---------- Source material ----------

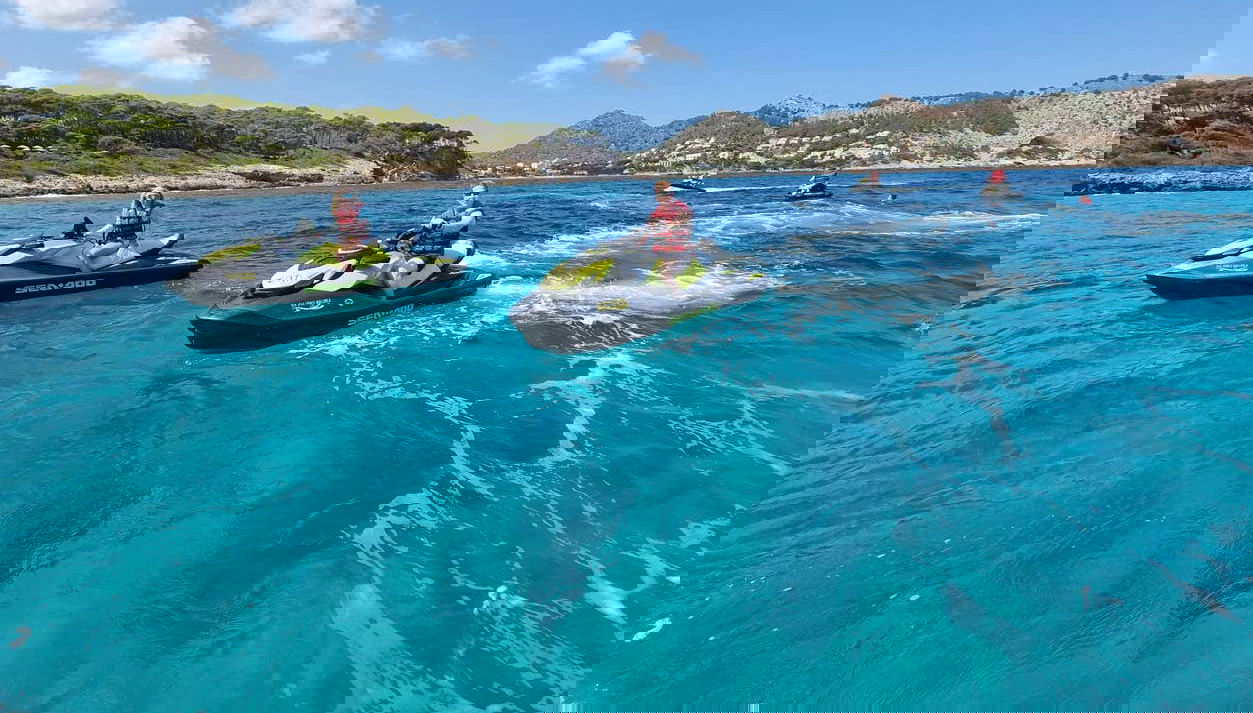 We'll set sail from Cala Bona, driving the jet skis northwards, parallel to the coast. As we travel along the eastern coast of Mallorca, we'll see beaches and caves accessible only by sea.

----------
---------- Source material ----------

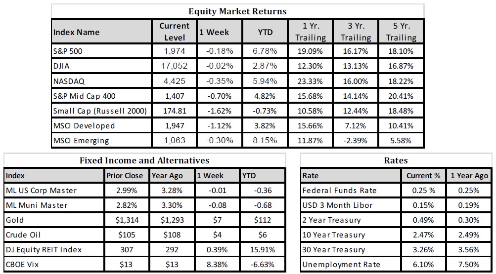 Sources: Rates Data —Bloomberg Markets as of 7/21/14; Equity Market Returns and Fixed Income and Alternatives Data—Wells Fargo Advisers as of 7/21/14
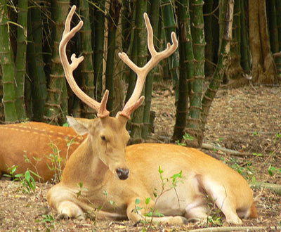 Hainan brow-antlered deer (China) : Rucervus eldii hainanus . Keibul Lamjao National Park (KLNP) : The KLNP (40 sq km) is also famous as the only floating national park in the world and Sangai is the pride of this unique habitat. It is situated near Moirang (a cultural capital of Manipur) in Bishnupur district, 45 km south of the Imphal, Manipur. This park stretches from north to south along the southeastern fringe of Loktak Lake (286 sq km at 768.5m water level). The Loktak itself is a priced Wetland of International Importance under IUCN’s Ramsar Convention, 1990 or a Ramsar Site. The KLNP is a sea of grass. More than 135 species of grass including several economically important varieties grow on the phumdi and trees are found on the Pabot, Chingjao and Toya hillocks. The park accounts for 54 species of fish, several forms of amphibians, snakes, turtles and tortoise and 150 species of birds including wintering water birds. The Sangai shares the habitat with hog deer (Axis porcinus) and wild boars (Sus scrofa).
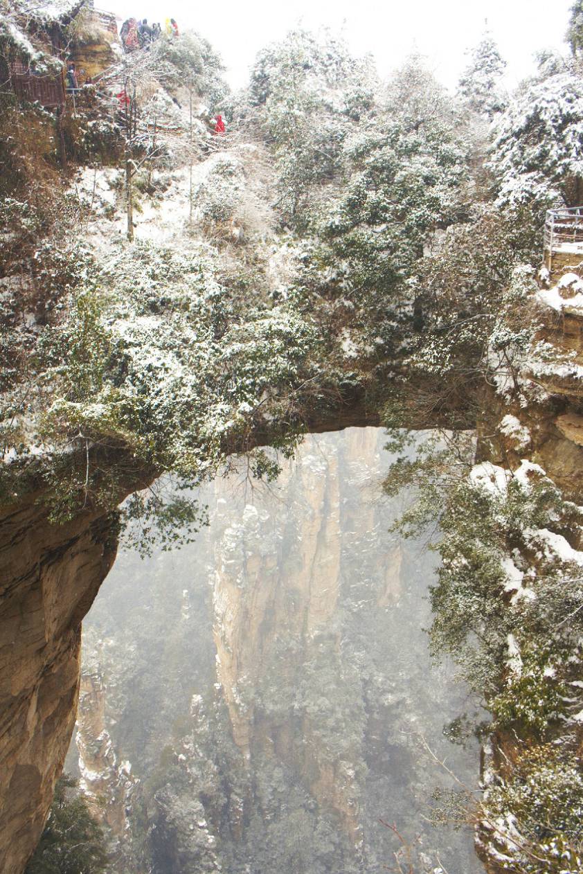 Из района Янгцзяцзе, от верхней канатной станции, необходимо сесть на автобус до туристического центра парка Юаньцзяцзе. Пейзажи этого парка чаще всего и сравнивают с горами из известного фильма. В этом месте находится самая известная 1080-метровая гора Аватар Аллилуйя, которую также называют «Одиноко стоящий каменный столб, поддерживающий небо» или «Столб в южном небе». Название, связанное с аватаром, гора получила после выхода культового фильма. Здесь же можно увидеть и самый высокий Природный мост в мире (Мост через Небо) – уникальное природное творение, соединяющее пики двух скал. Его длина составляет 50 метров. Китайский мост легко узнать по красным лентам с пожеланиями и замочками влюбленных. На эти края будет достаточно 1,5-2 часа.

----------
---------- Source material ----------

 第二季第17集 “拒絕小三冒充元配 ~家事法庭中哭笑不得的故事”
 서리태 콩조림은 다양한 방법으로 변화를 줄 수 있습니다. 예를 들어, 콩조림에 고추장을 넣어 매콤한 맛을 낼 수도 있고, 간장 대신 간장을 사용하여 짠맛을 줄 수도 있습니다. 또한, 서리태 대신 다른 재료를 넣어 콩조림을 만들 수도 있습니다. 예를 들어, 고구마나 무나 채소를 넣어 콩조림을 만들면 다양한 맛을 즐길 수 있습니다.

----------

Your instructions -
Your answer should consist of the lines above between those holding "Hainan brow-antlered deer" and "Из района Янгцзяцзе, от", inclusive, reproduced word for word and without pictures.

Answer section -
 Hainan brow-antlered deer (China) : Rucervus eldii hainanus . Keibul Lamjao National Park (KLNP) : The KLNP (40 sq km) is also famous as the only floating national park in the world and Sangai is the pride of this unique habitat. It is situated near Moirang (a cultural capital of Manipur) in Bishnupur district, 45 km south of the Imphal, Manipur. This park stretches from north to south along the southeastern fringe of Loktak Lake (286 sq km at 768.5m water level). The Loktak itself is a priced Wetland of International Importance under IUCN’s Ramsar Convention, 1990 or a Ramsar Site. The KLNP is a sea of grass. More than 135 species of grass including several economically important varieties grow on the phumdi and trees are found on the Pabot, Chingjao and Toya hillocks. The park accounts for 54 species of fish, several forms of amphibians, snakes, turtles and tortoise and 150 species of birds including wintering water birds. The Sangai shares the habitat with hog deer (Axis porcinus) and wild boars (Sus scrofa).
 Из района Янгцзяцзе, от верхней канатной станции, необходимо сесть на автобус до туристического центра парка Юаньцзяцзе. Пейзажи этого парка чаще всего и сравнивают с горами из известного фильма. В этом месте находится самая известная 1080-метровая гора Аватар Аллилуйя, которую также называют «Одиноко стоящий каменный столб, поддерживающий небо» или «Столб в южном небе». Название, связанное с аватаром, гора получила после выхода культового фильма. Здесь же можно увидеть и самый высокий Природный мост в мире (Мост через Небо) – уникальное природное творение, соединяющее пики двух скал. Его длина составляет 50 метров. Китайский мост легко узнать по красным лентам с пожеланиями и замочками влюбленных. На эти края будет достаточно 1,5-2 часа.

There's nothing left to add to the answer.